It’s been half a year since I had to stop buying fiction to publish here, and it still nags at me every time I come to check the site for comments or write a new post. I’m very conscious that Futurismic filled a rather unique niche in the sf ecosystem; strictly near-future, almost Mundane science fiction stories still seem pretty rare elsewhere, and I was proud to be giving a place to interesting writers, new or old.

Still, I have hope that a change in my employment patterns over the next six months will allow me enough spare cash to start publishing new stories once again… though I have no idea how I’ll find the time to manage the slush pile alongside everything else I’ll be doing. In the meantime, though, I can at least link out to the sort of thing I migth have published, had I been in a position to do so… things like “My Grandfather’s Skeleton” by Kiyash Monsef, which he emailed me a link to not long ago. It’s simple, poignant and not too long, and I think you should go and read it. Here’s the animated ‘cover art’ for it, and the first few passages:

Grandpa was missing.

Sometime in the night, he’d gotten up, unhooked himself from a variety of instruments and medicated drips, and walked out of the hospital, and no one knew why, and no one knew where he was.

Dad and Mom, after getting the phone call at three in the morning, told me I should just go to school as usual and let them handle it. That morning, while my parents gave a description to a pair of police officers, I rode my bike to school, half expecting to see Grandpa sitting by the side of the road somewhere in a hospital gown.

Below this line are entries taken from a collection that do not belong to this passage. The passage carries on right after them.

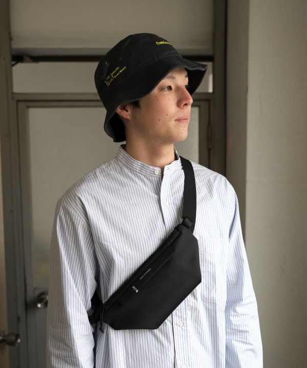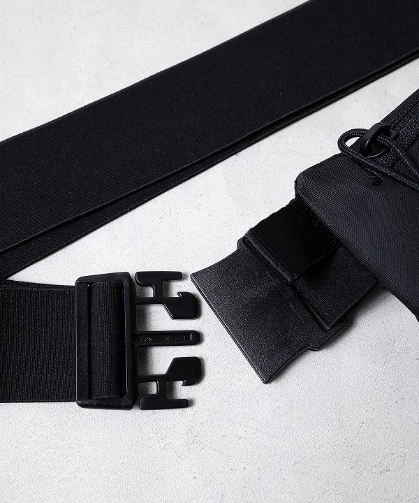 薄型ですので着用写真のようにアウターの中にも着用しやすく、伸縮するストラップがウエストポーチとしても活躍します。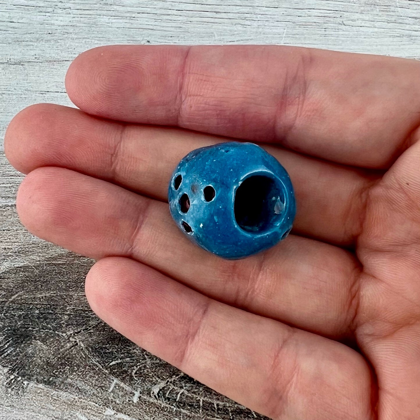 4 Large Teal Blue Textured Ceramic Beads, Ceramic Large Bead, Jewelry Finding Making Supplies, BD-0044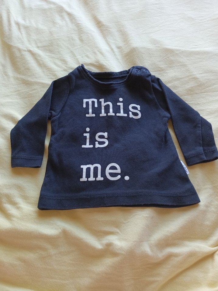 Siyah renkli, uzun kollu pamuklu tişört, gevşek kesim ve yuvarlak yaka. Örgü dokulu, üzerinde baskı yazısı bulunur, günlük kullanıma uygundur.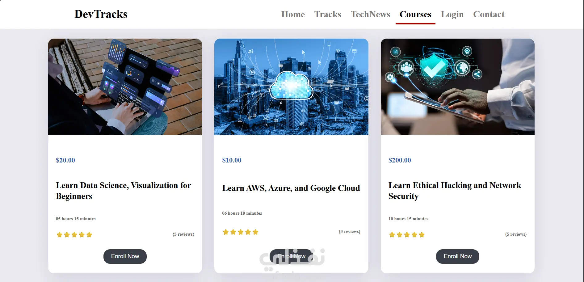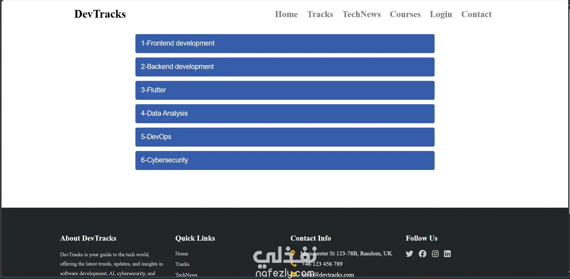 تتكون المنصة من خمس صفحات رئيسية: الصفحة الرئيسية، المسارات التعليمية، الأخبار التقنية، الدورات التدريبية، وصفحة التواصل.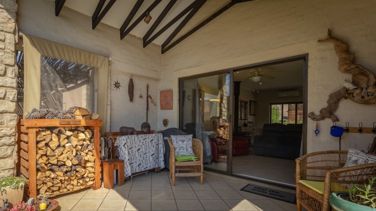 The property is powered by 8 solar panels and a solar geyser, ensuring energy efficiency and low running costs. With beautifully maintained gardens and a secure environment, this home is perfect for those seeking a peaceful, eco-conscious lifestyle where pets are welcome.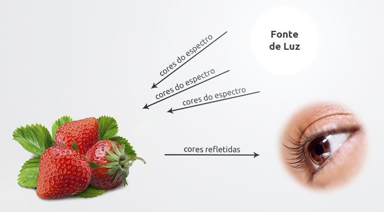A cor refletida é a cor que enxergamos e que não foi absorvida pelo objeto, então, se um objeto reflete a cor vermelha, como no exemplo acima, o veremos vermelho, se o objeto refletir o azul, você o verá azul e assim por diante.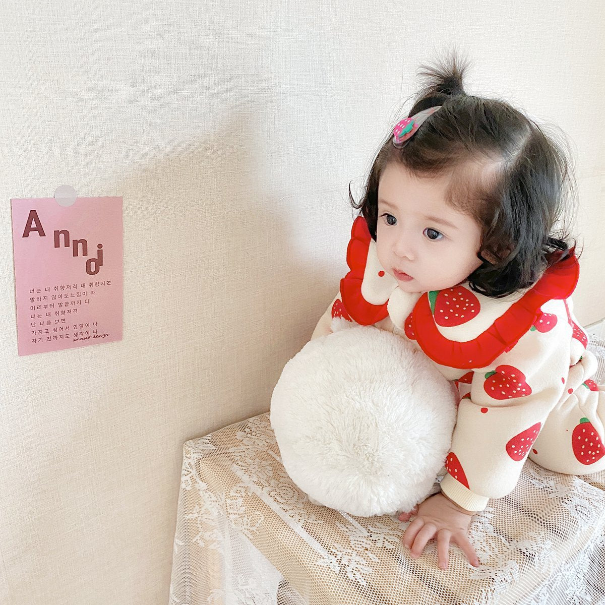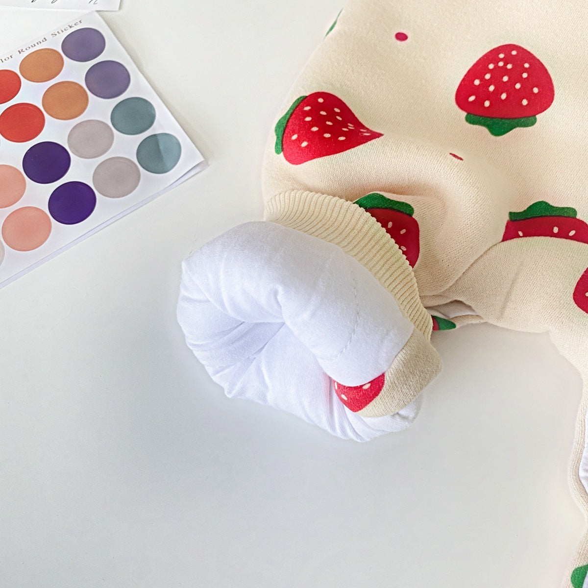 Baby Girl Warm Clothes Strawberry Printed Quilted One-piece Romper

I kept my phone on all morning, but there was no news. Grandpa Lucas had disappeared, and with his heart already feeble, each passing moment made it more and more likely that we would not see him alive again. It was impossible to pay any attention in class, and at noon I gave up and rode home.

Go finish it. Go on.

Implanted obsolescence

We privileged early-adopter types are increasingly accustomed to our technology becoming obsolete… but what happens when the technology in question is actually a physically-embedded part of you? Suddenly your upgrade path is a little trickier than hopping on a Boris-Bike and going to your nearest Apple store. Tim Maly points out the risky side of early-adopter human augmentation tech:

On the ground, the realities of the only brain-mounted interface I know of – cochlear implants – are brutal. Here’s a taste: You can’t hear music. For a sense of what that’s like, try these demos. The terrifying truth is that once you’ve signed up for one kind of enhancement (say, the 16 electrode surgery) it’s very hard to upgrade, even if Moore’s law ends up applying to electrode counts and the fidelity of hearing tech.

If you are an early adopter for this kind of thing, the only thing we can say for sure about it is that it’ll be slow and out of date very soon. Unless they find a way to make easily-reversible surgery, your best strategy is to wait for the interface that’s whatever the brain-linkage equivalent is to 300dpi, full colour, high refresh screens.

[…]

Medical advancements demand sacrifices. Someone needs to wear the interim devices. Desperation is one avenue for adoption. Artificial hearts are still incomplete and dicey-half measures, keeping people alive while they wait for a transplant or their heart heals. This is where advances in transplants and prosthetics find their volunteers and their motivation for progress. It’s difficult to envision a therapeutic brain implant – they are almost by definition augmentations.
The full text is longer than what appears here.